Stored items from a collection
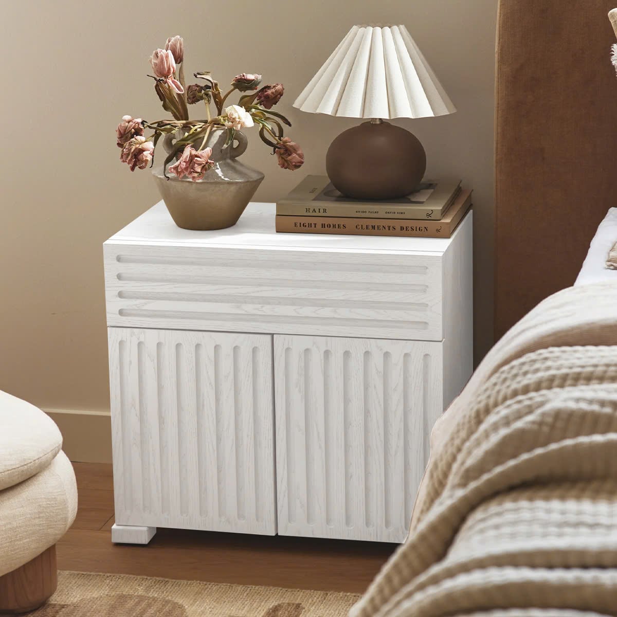 Tủ đầu giường hay còn gọi là tab đầu giường thường được đặt ở hai bên đầu giường ngủ dùng để đựng các vật dụng cá nhân. Thông thường mặt trên của tủ đầu giường được ứng dụng như một chiếc bàn nhỏ, nơi mà gia chủ đặt đồng hồ báo thức, đèn ngủ hoặc các món đồ mà bạn yêu thích.
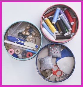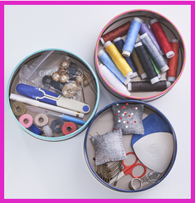 世界中のラッキーチャームを型どった米粉クッキー入りおかき缶は全10種。嵩張るソーイング類をジャンルわけして整理整頓保存。
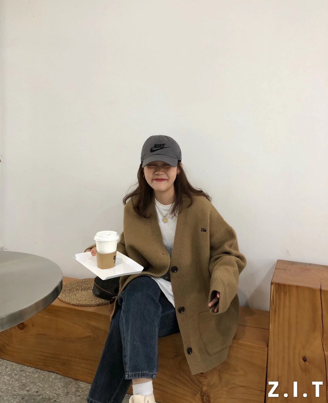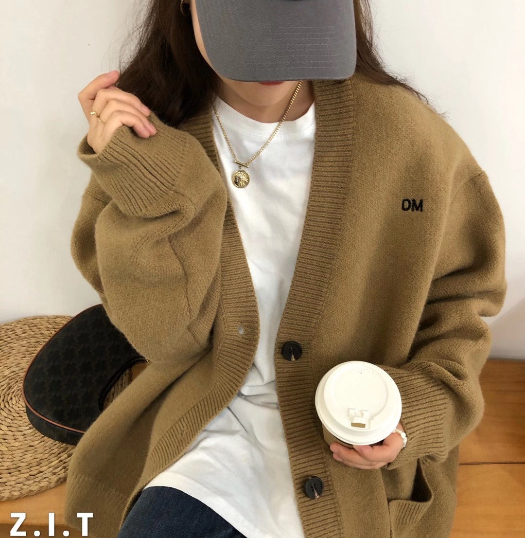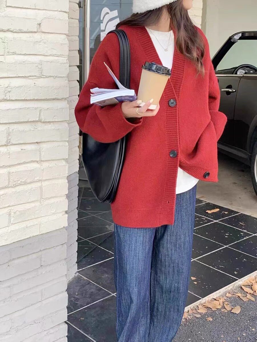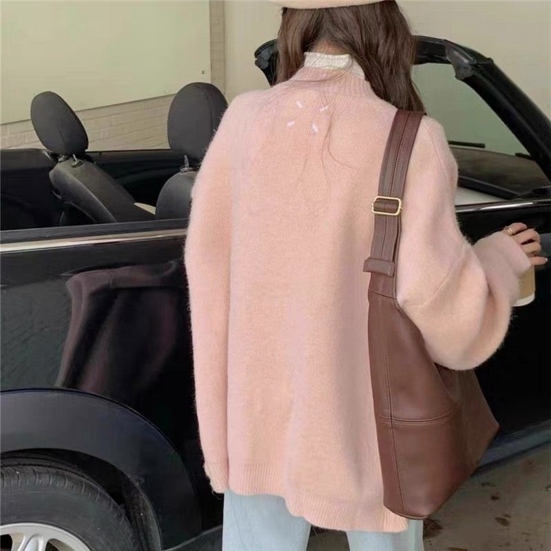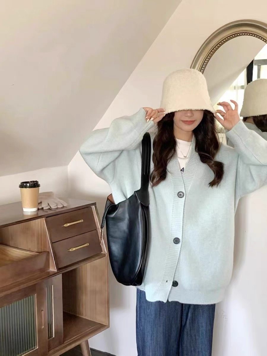 2025秋冬新韓國東大門胖mm寬松慵懶風v領毛衣外套女加厚針織開衫
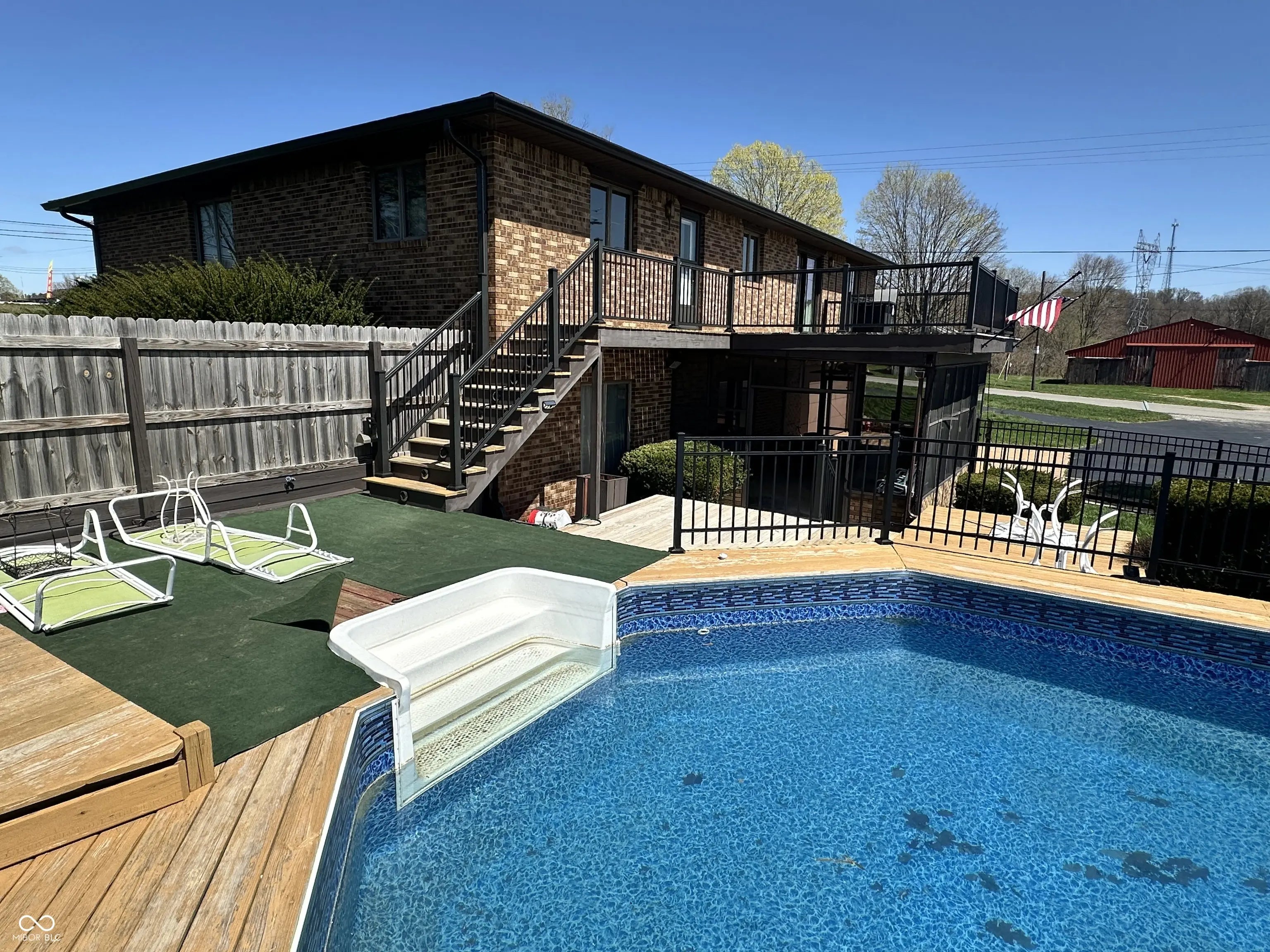 Take a look at this 4 bedroom, 3 bath, 3502 sq. ft. Brick Ranch over finished walk-out basement. At the entrance the foyer extends to the living room, dining area and around to the kitchen. The kitchen features a huge island with plenty of counter space, cabinets and storage. There is a door from the kitchen and a sliding patio door from the dining room onto the 16x20 upper deck. The primary bedroom offers a private bath with dual vanity sinks, a new walk in tiled shower, as well a huge walk-in closet. The 2 other additional bedrooms finish off the main level of the home. An open staircase walks you down to the lower level that features the walkout basement, an additional bedroom and bath, a great room with wet bar and a family room with brick fireplace. Outside the family room is an enclosed 16x20 screened in porch that extends to the 15x30 above ground pool fully surrounded by a large deck and features a tiki bar and a half bath perfect for entertaining. This area is also fenced in for security and the family dog. Let's not forget the rest, this property has a lower level 16x20 attached garage, along with a 30x48 pole building that includes a car lift, tall ceilings and a 14x16 separate storage shed sitting next to it.
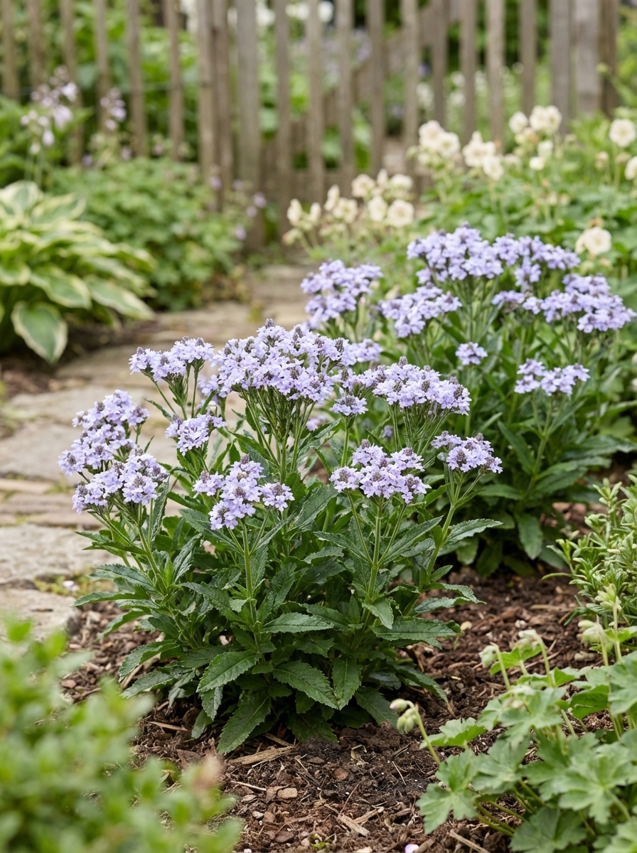 Verbena rigida 'Polaris' is een winterharde Zuid-Amerikaanse vaste plant, lang bloeiend met dichte aren van geurige witlila bloemen.
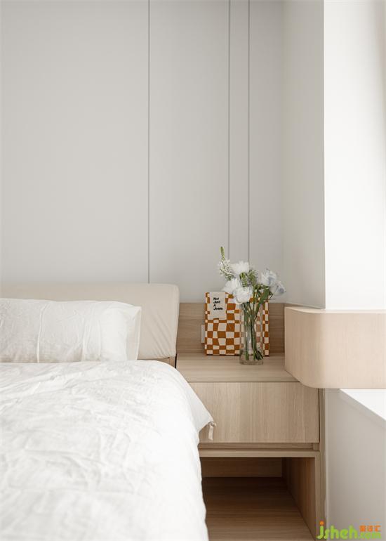 床頭柜上搭設(shè)木質(zhì)結(jié)構(gòu)延伸至窗臺(tái)增加收納臺(tái)面。

YOUR INSTRUCTIONS ▸ Reproduce the complete set of records verbatim and omit the pictures.

ANSWER FOR THIS EXERCISE ▸
 Tủ đầu giường hay còn gọi là tab đầu giường thường được đặt ở hai bên đầu giường ngủ dùng để đựng các vật dụng cá nhân. Thông thường mặt trên của tủ đầu giường được ứng dụng như một chiếc bàn nhỏ, nơi mà gia chủ đặt đồng hồ báo thức, đèn ngủ hoặc các món đồ mà bạn yêu thích.
 世界中のラッキーチャームを型どった米粉クッキー入りおかき缶は全10種。嵩張るソーイング類をジャンルわけして整理整頓保存。
 2025秋冬新韓國東大門胖mm寬松慵懶風v領毛衣外套女加厚針織開衫
 Take a look at this 4 bedroom, 3 bath, 3502 sq. ft. Brick Ranch over finished walk-out basement. At the entrance the foyer extends to the living room, dining area and around to the kitchen. The kitchen features a huge island with plenty of counter space, cabinets and storage. There is a door from the kitchen and a sliding patio door from the dining room onto the 16x20 upper deck. The primary bedroom offers a private bath with dual vanity sinks, a new walk in tiled shower, as well a huge walk-in closet. The 2 other additional bedrooms finish off the main level of the home. An open staircase walks you down to the lower level that features the walkout basement, an additional bedroom and bath, a great room with wet bar and a family room with brick fireplace. Outside the family room is an enclosed 16x20 screened in porch that extends to the 15x30 above ground pool fully surrounded by a large deck and features a tiki bar and a half bath perfect for entertaining. This area is also fenced in for security and the family dog. Let's not forget the rest, this property has a lower level 16x20 attached garage, along with a 30x48 pole building that includes a car lift, tall ceilings and a 14x16 separate storage shed sitting next to it.
 Verbena rigida 'Polaris' is een winterharde Zuid-Amerikaanse vaste plant, lang bloeiend met dichte aren van geurige witlila bloemen.
 床頭柜上搭設(shè)木質(zhì)結(jié)構(gòu)延伸至窗臺(tái)增加收納臺(tái)面。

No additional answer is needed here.